フランクと散歩に出かけたカールは、両親に弟を捨てさせられたことをフランクに言う。フランクとフットボールをした後、カールは自分の生家に行き、父親と会う。父親に弟を殺した理由を聞き、その後、弟を供養する。次の日、洗礼を受けたカールだったが、ドイルに家を追い出される。カールはリンダやフランクたちに挨拶をしたあと、スリング・ブレイドを持ってリンダの家を訪れる。ドイルに警察の呼び方を聞いた後、彼を殺害し、カールは再び病院に送られることとなった。
キャスト
登場人物
- カール・チルダース
- 精神病院で長年入院生活を送ってきた中年男性。12歳の頃に殺人を犯して逮捕された後入院し、冒頭で拘束期間が満了になり退院する。退院後は故郷の田舎町であるミルズバーグに戻り、修理屋で働きながらウィートリー家で住まわせてもらう。機械いじりが得意で、子供の頃は草刈り機の修理などをしていた。好物は、マスタード付きのビスケットとファストフード店のフライドポテト。趣味は読書で聖書などを読んでいる。苦手なことは写真を撮られること、誰かにじっと見られることとコーヒー。また、子供が下品な言葉を使うのを嫌い、フランクがそういうことを言った時は優しく諭す。
- フランク・ウィートリー
- 日本で言う小学校低学年ぐらいの男の子。ある日コインランドリーから大量の洗濯物が入った袋を持って帰ろうとした所カールに出会い、運ぶのを手伝ってもらったことで親しくなる。ほどなくしてカールから「殺人を犯したが病気のせいと判断され、精神病院を退院したばかり」との話を聞くが、怖がらずに彼を受け入れる。カールの独特の話し方を気に入っている。父親が死んでから寂しさと共に不幸が続いていると感じている。時々友達とフットボールを楽しんでいる。ドイルのことをかなり嫌っているが、リンダの手前我慢して一緒に食事するなどしている。
- リンダ・ウィートリー
- スーパーで働きながらフランクと共に質素な生活をしている。自殺で夫を亡くして以来フランクを不憫に思い、息子にとって新しい父親の必要性を感じている。恋人のドイルとは、トラブルを起こす彼と離れたいと思う反面人肌恋しさから踏ん切りがつかずズルズルと付き合っている状態。ある日フランクからカールを紹介され、「一緒に住みたい」と言う息子の頼みを聞いて彼をガレージに住まわせるようになり、同居人として親しくなる。
- ドイル・ハーグレイヴズ
- リンダの恋人。年齢はカールより数歳下。工務店を経営していて結構稼いでいるが、金銭的に困っているリンダを助けようとしないため彼女からあまり頼りにされていない。リンダの家に時々訪れては食事や会話をしているが、傍若無人に振る舞い彼女やフランクに色々と命令する。カールには“ウスノロ”、ヴォーンには“ホモ”などとそれぞれ面と向かって侮辱する。アマチュアバンドを組んでおり、夜にリンダの家にメンバーを集めて演奏して酒を飲むなどしている。
- チャールズ・ブッシュマン
- カールと同じ病院に入院する患者。車好きで、マーキュリーなどの色々な車を乗り換えてきた。話好きな性格で、黙って話を聞いてくれるカールに自身とある女性との間に起こった話を聞かせる。
- カールの父親
- カールが子供の頃は製材所で働いていたが、社長に安月給でこき使われてきた。
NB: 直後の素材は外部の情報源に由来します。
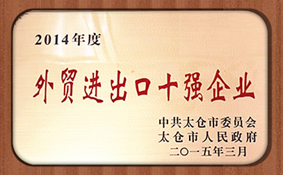 近日,在太倉市經濟工作會議暨2014年外貿進出口企業表彰大會上,子公司潤邦卡哥特科被授予“2014年度外貿進出口十強企業”榮譽稱號。
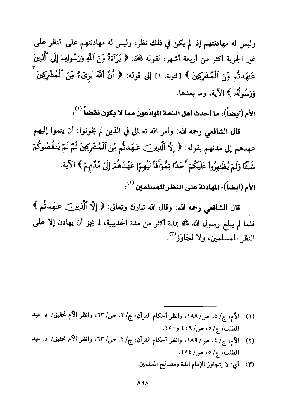 قال الشَّافِعِي رحمه الله: وقال الله تبارك وتعالى: (إِلَّا الَّذِينَ عَاهَدْتُمْ)
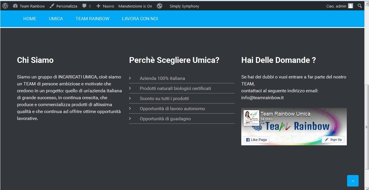 * Partiamo dalla parte in basso, (nella pagina index) dove nella prima immagine vedete (zona footer) con testo e link facebook
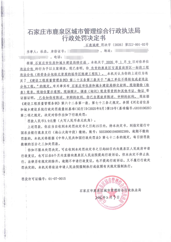 石家庄市鹿泉区城市管理综合行政执法局2026年度行政处罚公示ZZJ-001
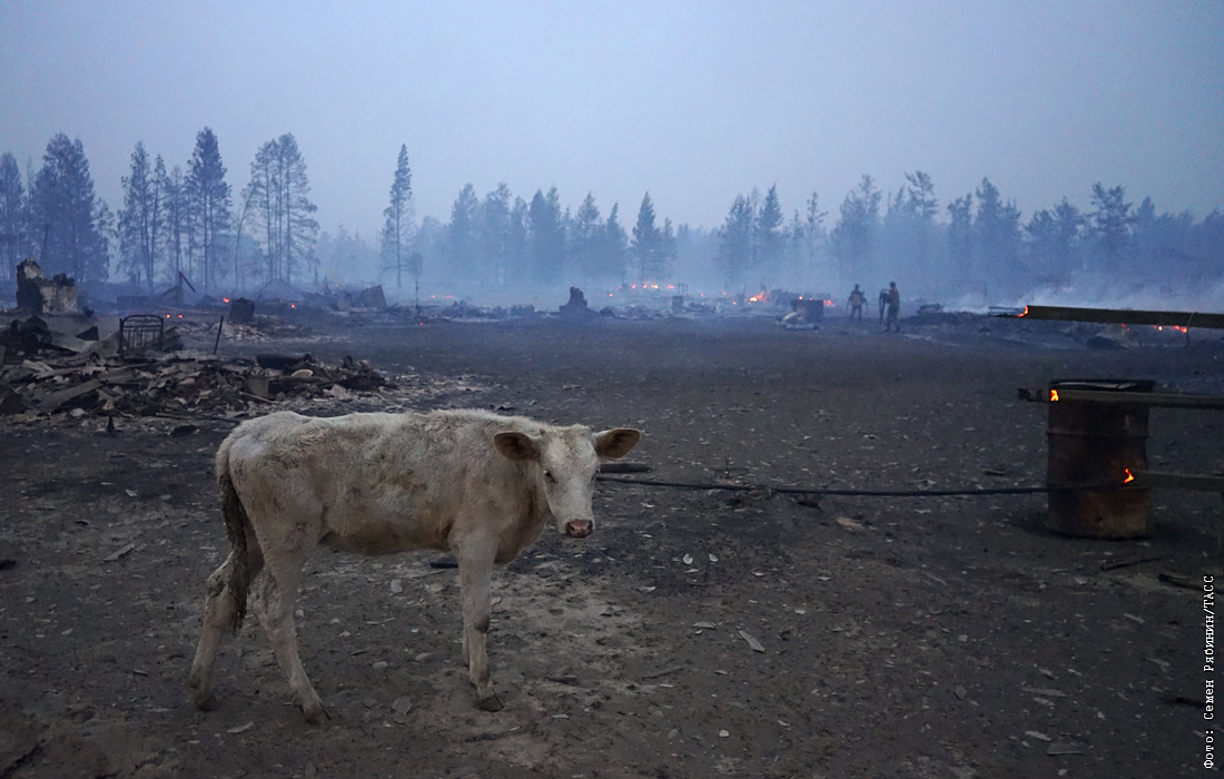 Лесные пожары продолжают бушевать во многих регионах России. Самая сложная ситуация в Якутии, где введен режим ЧС регионального характера. На фото: якутское село Бясь-Кюель.
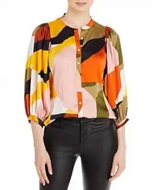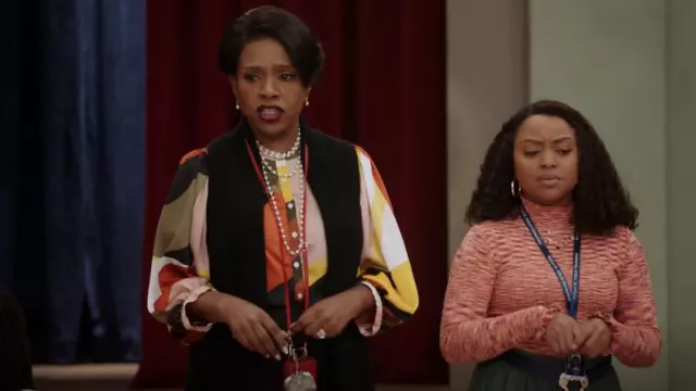 Karl Lagerfeld Paris 3/4 Blouson Sleeve Multicolor Printed Crew Neck Button Front Blouse worn by Barbara Howard (Sheryl Lee Ralph) as seen in Abbott Elementary (S02E12)
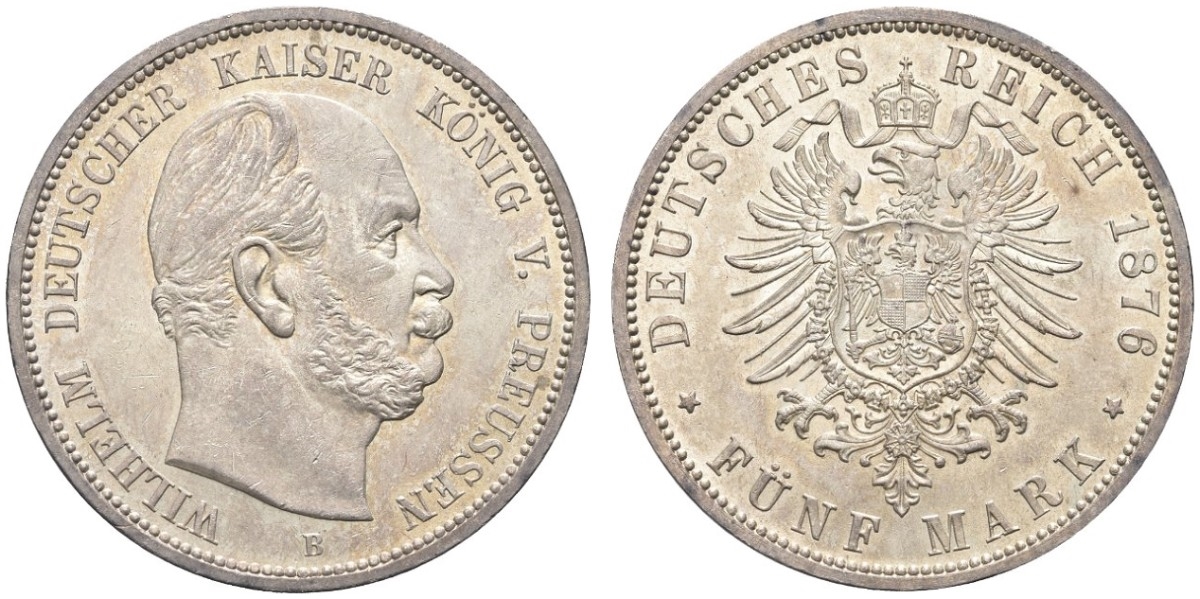 GERMANIA - Prussia. Wilhelm I, 1861-1888. - 5 Marchi 1876 B.
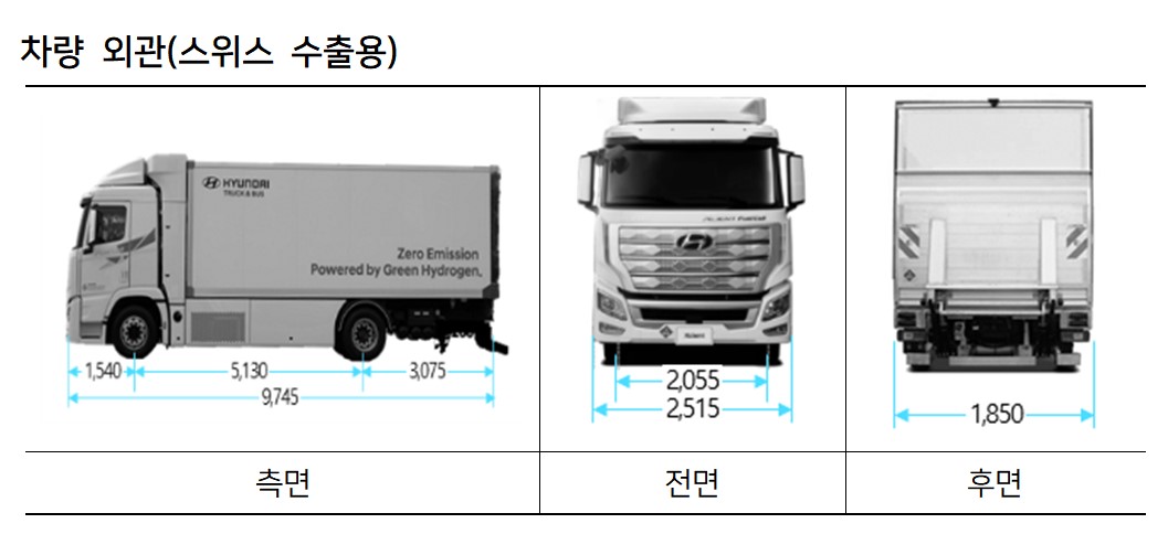 수소화물차는 차량 총중량(트레일러 무게 포함) 34톤 수준, 수소연료전지 출력 190kW, 구동모터 350kW, 1회 충전주행거리 약 400km 등의 성능을 갖추고 있다. 현대차는 이번 수소화물차 10대 수출을 시작으로 2025년까지 누적 1600대를 스위스로 수출할 예정이다.
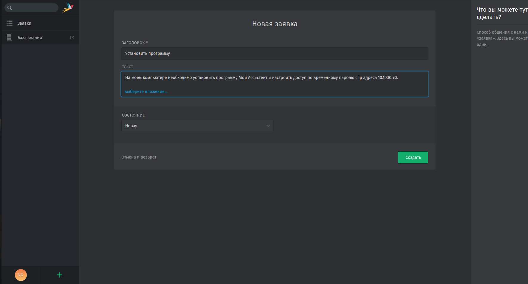 2. Перед вами откроется форма создания заявки. В поле "Заголовок" укажите краткое описание задачи, в поле "Текст" опишите более детально задачу. Если необходимо добавьте вложение (скриншот, документ, видео). Нажмите кнопку "Создать" и первая ваша заявка будет создана.
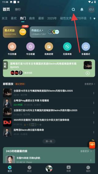 1、打开dj串烧集APP,在首页内点击右上搜索的图标。
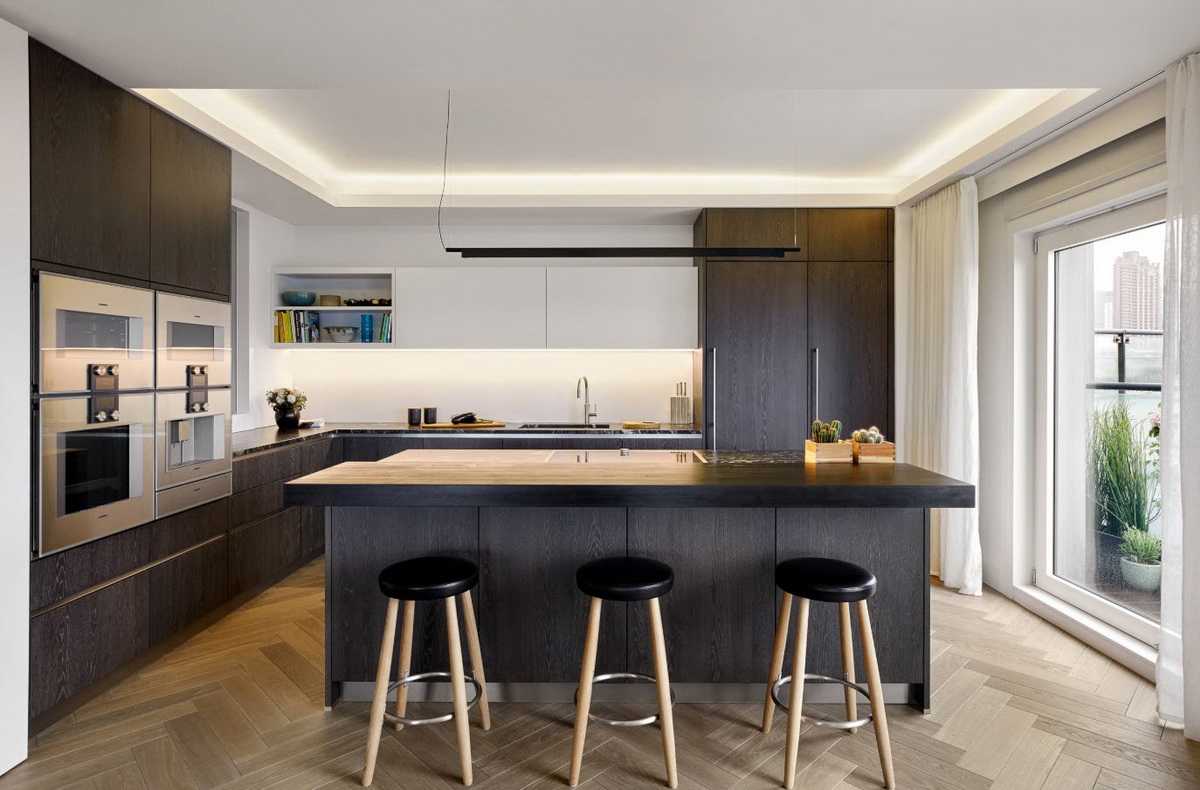 - Светодиодная подсветка способна реализовать любое дизайнерское решение. Ее можно расположить за потолочным карнизом, под полупрозрачным полотном натяжного потолка или стеклянными панелями, выступающими в роли кухонного фартука. Если выполнить отделку стен и пола в темных тонах, то создастся футуристская иллюзия космического пространства. Подсвеченные детали кухонного интерьера будут светиться, словно звезды или планеты на ночном небосклоне.
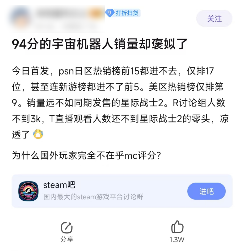 有人看它 MC 評分領先黑猴,彷彿終於找到了可以打壓黑神話的對手,便開始封神狂吹;
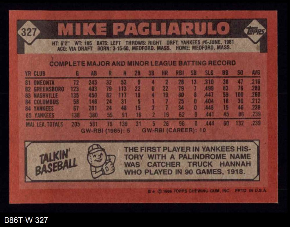 1986 Topps #327 Mike Pagliarulo 8 - NM/MT
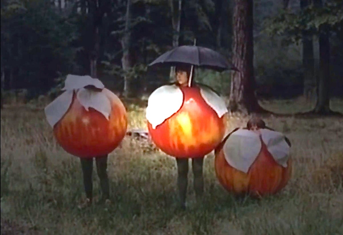 If the medium is the message, then the image above is doing double duty: television and apples are the media at hand, and both are cast as vehicles of power catering to the interests of an invisible ruling class. Two decades before, authority in England had been manifest, physical—it was royal figureheads, properly accented radio announcements, and public service posters tacked throughout London. By 1967, however, Foucauldian prophecies about decentralized control were coming true, and nowhere was this more apparent than in the media. Television became the preferred means of manipulating the masses, and in the U.S., contemporary advertising came of age by co-opting the tropes of the 1960s, chipping away at the détente between mass culture and counterculture until “revolution” became synonymous with selling sneakers. Watkins’s commercial scene satirizes this brave new world by exposing television for what it was, and he underscored the point by putting his actors in apple costumes. It’s a good joke, and also a classic one. We all know that an apple a day keeps the doctor away, but an apple is a bivalent symbol, a natural Trojan horse. Apples are healthy and tainted, delicious and inedible. It’s always possible something more sinister lies beneath its waxy exterior.
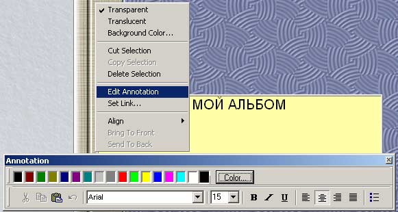 текстовое меню при помощи команды Annotate
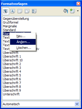 · Wählen Sie Format – Formatvorlagen. Daraufhin erscheint das Dialogfeld Formatvorlagen.
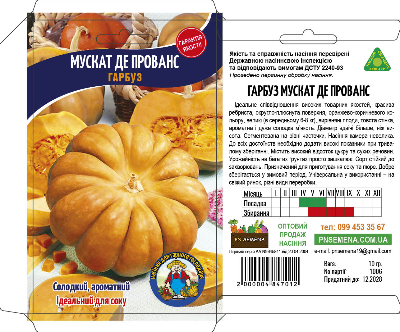 Насіння у пакеті 10 шт. Високоврожайний, середньостиглий сорт з підвищеним вмістом каротину та цукру. Вегетаційний період становить 110-115 днів. Рослина потужна, формує плоди червоно-жовтогарячого кольору, округло-плескаті, з сегментованою поверхнею, вагою 5-8 кг. М’якуш яскраво помаранчевий, щільний, з високим вмістом цукру. Смакові якості чудові.

子供の頃のカールに病気を理由に母屋に来ないよう命じて、家の裏の粗末な小屋で寝起きさせていた。また、未熟児として産まれた次男の遺棄をカールに命じたこともある。現在もミルズバーグにある寂れた家に一人で暮らしており、酒浸りの状態で部屋の掃除もままならない。後日実家に現れたカールと17年ぶりに再会して会話する。
- ヴォーン・カニンガム
- リンダが働くスーパーの店長。リンダとは旧友でフランクにも好かれており、内心2人のことを家族同然に大切に思っている。カールに出会った当初、“フランク、リンダに近づく怪しい人物”と疑うが、ほどなくして誤解に気づき友人として親しくなる。フランクと同じく、言動が粗野なドイルのことを嫌っている。同性愛者で、噂が広まりやすい田舎町での生活に生きづらさを感じている。実は、子供の頃は家庭環境が悪く父親を嫌っていた過去がある。
- ウールリッジ(ジェリー)
- 州立の精神病院の院長。冒頭で大学新聞のインタビューに来たジャーナリズム専攻の女子学生に、退院間近のカールに会わせて事件を起こした経緯を聞かせてあげる。自宅で妻と娘と暮らしている。カールが退院の翌日に故郷に頼る人がおらず病院に戻ってきたため、ビルの店で仕事と寝場所を確保してもらえるよう頼む。その後、カールから直接最近の様子を聞くためビルの店を訪ねる。
- ファーストフード店の店員
- カールの出身地である街のハンバーガー屋で働く。病院を退院したばかりのカールが店に訪れ、初めて自身の店で注文をする彼の応対に戸惑う。
- ビル・コックス
- 修理屋を営む。ウールリッジの知人で、彼から過去の事件のことや精神病院の患者だったことを聞いた上でカールを雇う。面倒見のいい性格で、退院後のカールの仕事や生活に助言し温かく見守る。普段の様子からは分からないカールの修理技術の高さに驚き、真面目に働く彼を信頼するようになる。
- スクーター
- ビルの店の従業員。過去にカールと同じ学校に通っていたらしく子供時代の彼のことをいくらか覚えており、彼と同じく事件の被害男性であるジェシーのことを嫌っていた。勤務態度はやや不真面目で時々勘違いでミスをするため、ビルから注意されている。